9th Chief Justice of South Africa
- In office 1943–1950
- Preceded by: Nicolaas Jacobus de Wet
- Succeeded by: Albert van der Sandt Centlivres

Judge of the Appellate Division
- In office 1937–1942

Judge of the Cape Provincial Division of the Supreme Court of South Africa
- In office 1922–1937

Personal details
- Born: 12 October 1880 Graaff-Reinet, Cape Colony (now Eastern Cape, South Africa)
- Died: 18 January 1958 (aged 77) Hermanus, Cape Province, Union of South Africa
- Children: Jack Watermeyer
- Alma mater: University of Cambridge
- Occupation: Lawyer and judge
- Profession: Barrister

= Ernest Frederick Watermeyer =

Ernest Frederick Watermeyer (12 October 1880 – 18 January 1958) was the Chief Justice of South Africa from 1943 to 1950.

Watermeyer was born in Graaff-Reinet in 1880. He was educated at Stellenbosch Gymnasium, Bath College and Gonville and Caius College, Cambridge, where he read mathematics, then Law.

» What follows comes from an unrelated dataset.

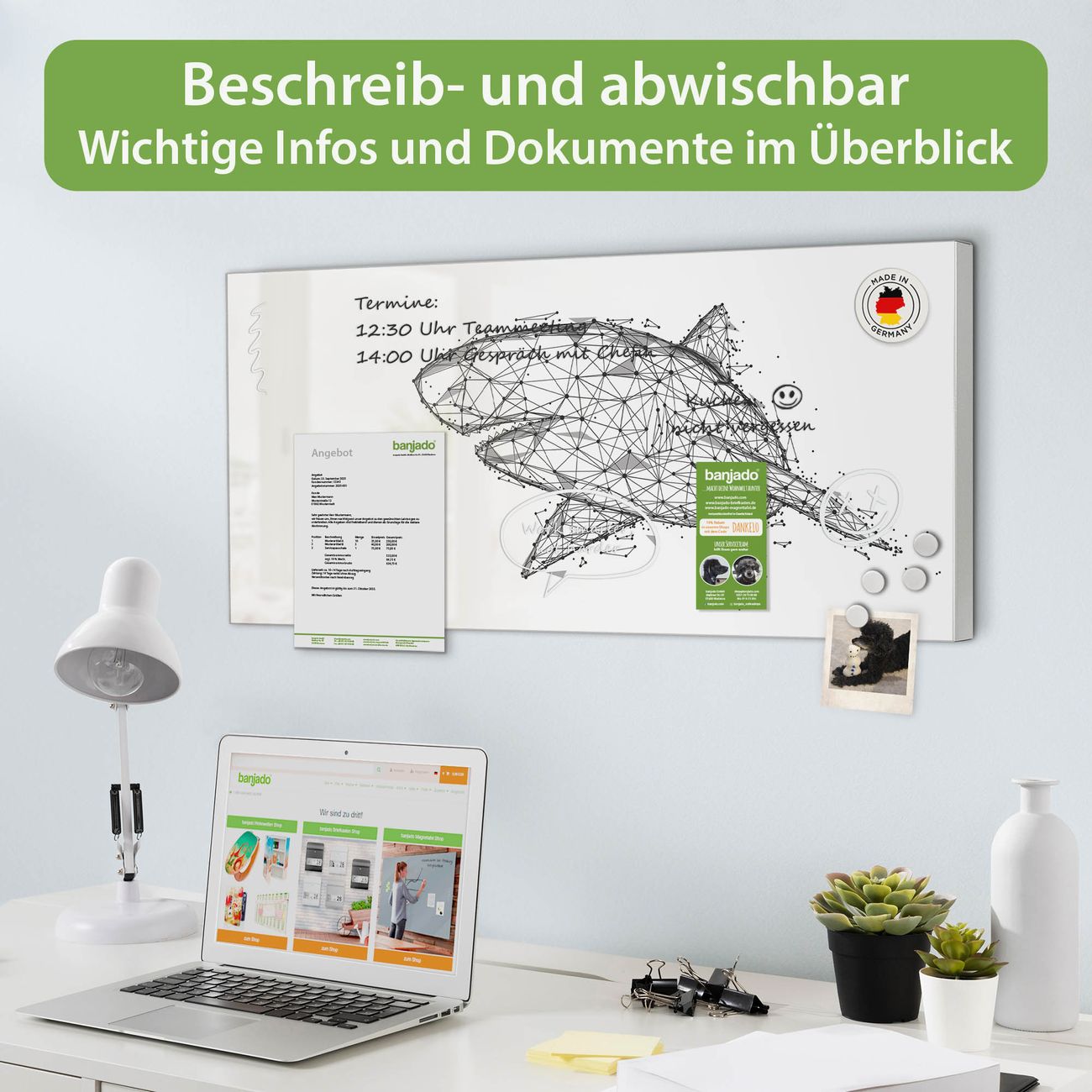 FUNKTION: Die banjado Magnettafel 78x37 cm im Design Motiv Hai abstrakt 2 vereint Funktionalität und modernes Wohndesign auf stilvolle Weise. Diese hochwertige Magnetwand aus Metall hilft Ihnen dabei, Notizen, Fotos, Termine, Einkaufslisten oder Rezepte übersichtlich zu organisieren. Als praktisches Memoboard sorgt sie für Struktur im Alltag und setzt gleichzeitig einen dekorativen Akzent an Ihrer Wand. DESIGN: Die Metalltafel besteht aus robustem, lackiertem Stahl und ist mit allen handelsüblichen Magneten nutzbar. Besonders praktisch ist die beschreibbare Oberfläche. Sie können die Magnettafel ganz einfach mit Kreidestiften beschriften und die Inhalte bei Bedarf mit einem feuchten Tuch wieder entfernen. So eignet sich das Memoboard ideal für Wochenpläne, Menüpläne, To Do Listen oder kreative Botschaften. DETAILS: Mit ihrem großzügigen Querformat von 78x37 cm bietet die Magnettafel ausreichend Platz für Ihre Organisation. Das Motiv Motiv Hai abstrakt 2 bringt eine warme, natürliche Optik in Küche, Flur, Büro oder Homeoffice und wirkt auch ohne Magnete oder Beschriftung wie ein modernes Wandbild. NUTZEN: Auf der Rückseite befinden sich vorgefertigte Löcher für eine schnelle und unkomplizierte Wandmontage. Jede banjado Magnettafel wird in Deutschland gefertigt und steht für Qualität, Langlebigkeit und liebevolle Verarbeitung. Dieses beschreibbare Memoboard ist die perfekte Kombination aus Metalltafel, Designobjekt und praktischer Magnetwand für Ihren Alltag. BANJADO: Wir sind ein kleines Team aus dem Herzen von Sachsen. Wir fertigen alle Artikel von Hand für Sie an, Sie erhalten keine preiswerte Importware. Auf Wunsch können Sie auch Ihr eigenes Foto auf die Magnettafel aufbringen, schreiben Sie uns an. Herzlichst, Ihr banjado-Team

He was called to the bar in England by the Inner Temple in 1904, and admitted to the Cape bar in 1905. He became a King's Counsel in 1921. From 1922 to 1937, he was a judge of the Cape Provincial Division of the Supreme Court of South Africa. In 1937, he was promoted to the Supreme Court's Appellate Division.

In 1943, he was appointed Chief Justice of South Africa and was sworn of the Privy Council the same year, the last Chief Justice of South Africa to be made a Privy Counsellor. He served as Officer Administering the Government of the Union of South Africa in 1950, and retired the same year.